• Problem requirements: Your reply should repeat all records verbatim and contain no images.

[Data excerpts]
*** Block opens ***

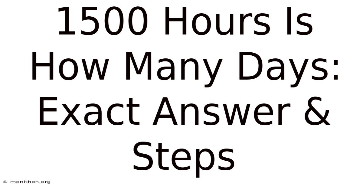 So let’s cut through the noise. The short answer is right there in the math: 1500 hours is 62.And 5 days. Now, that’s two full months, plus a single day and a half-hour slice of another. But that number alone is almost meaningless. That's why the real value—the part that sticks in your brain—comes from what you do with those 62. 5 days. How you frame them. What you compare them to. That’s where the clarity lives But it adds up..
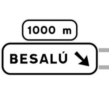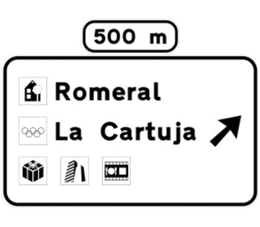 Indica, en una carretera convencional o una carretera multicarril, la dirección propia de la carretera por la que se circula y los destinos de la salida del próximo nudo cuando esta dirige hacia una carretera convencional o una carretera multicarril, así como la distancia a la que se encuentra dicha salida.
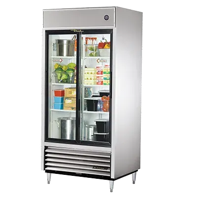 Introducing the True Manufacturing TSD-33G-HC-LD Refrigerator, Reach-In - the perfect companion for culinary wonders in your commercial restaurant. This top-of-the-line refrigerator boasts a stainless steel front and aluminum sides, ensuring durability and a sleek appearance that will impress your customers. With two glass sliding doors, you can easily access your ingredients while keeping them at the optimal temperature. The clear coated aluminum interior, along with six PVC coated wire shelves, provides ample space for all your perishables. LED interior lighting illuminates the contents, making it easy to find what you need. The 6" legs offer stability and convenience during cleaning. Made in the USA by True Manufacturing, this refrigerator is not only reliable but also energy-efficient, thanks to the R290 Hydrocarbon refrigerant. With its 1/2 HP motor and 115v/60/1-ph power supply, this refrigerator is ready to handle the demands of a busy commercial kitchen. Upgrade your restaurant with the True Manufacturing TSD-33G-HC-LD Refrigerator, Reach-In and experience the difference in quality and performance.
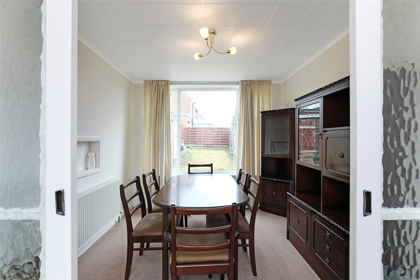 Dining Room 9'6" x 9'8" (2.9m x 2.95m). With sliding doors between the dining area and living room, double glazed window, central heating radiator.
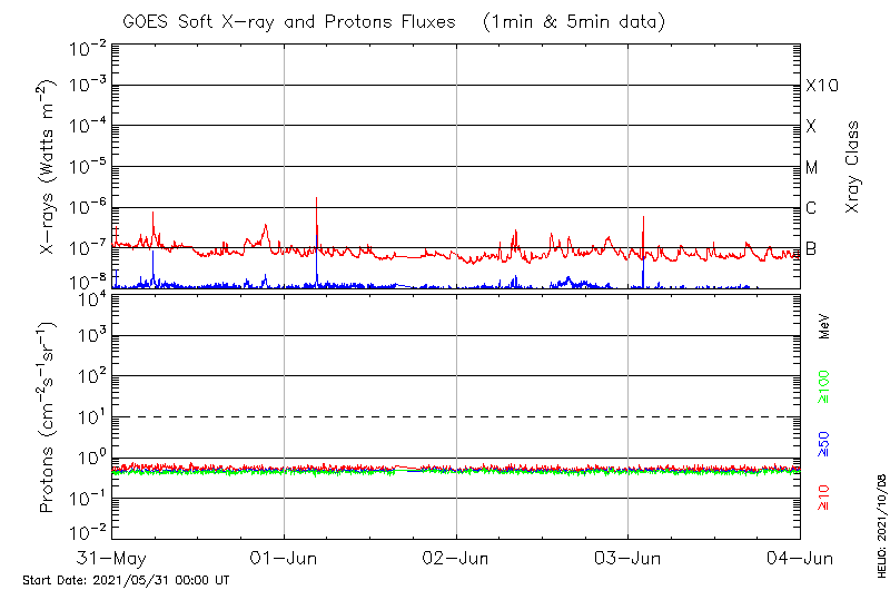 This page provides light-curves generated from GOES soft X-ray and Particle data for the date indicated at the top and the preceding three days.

*** Block closes ***

• Your response:
 So let’s cut through the noise. The short answer is right there in the math: 1500 hours is 62.And 5 days. Now, that’s two full months, plus a single day and a half-hour slice of another. But that number alone is almost meaningless. That's why the real value—the part that sticks in your brain—comes from what you do with those 62. 5 days. How you frame them. What you compare them to. That’s where the clarity lives But it adds up..
 Indica, en una carretera convencional o una carretera multicarril, la dirección propia de la carretera por la que se circula y los destinos de la salida del próximo nudo cuando esta dirige hacia una carretera convencional o una carretera multicarril, así como la distancia a la que se encuentra dicha salida.
 Introducing the True Manufacturing TSD-33G-HC-LD Refrigerator, Reach-In - the perfect companion for culinary wonders in your commercial restaurant. This top-of-the-line refrigerator boasts a stainless steel front and aluminum sides, ensuring durability and a sleek appearance that will impress your customers. With two glass sliding doors, you can easily access your ingredients while keeping them at the optimal temperature. The clear coated aluminum interior, along with six PVC coated wire shelves, provides ample space for all your perishables. LED interior lighting illuminates the contents, making it easy to find what you need. The 6" legs offer stability and convenience during cleaning. Made in the USA by True Manufacturing, this refrigerator is not only reliable but also energy-efficient, thanks to the R290 Hydrocarbon refrigerant. With its 1/2 HP motor and 115v/60/1-ph power supply, this refrigerator is ready to handle the demands of a busy commercial kitchen. Upgrade your restaurant with the True Manufacturing TSD-33G-HC-LD Refrigerator, Reach-In and experience the difference in quality and performance.
 Dining Room 9'6" x 9'8" (2.9m x 2.95m). With sliding doors between the dining area and living room, double glazed window, central heating radiator.
 This page provides light-curves generated from GOES soft X-ray and Particle data for the date indicated at the top and the preceding three days.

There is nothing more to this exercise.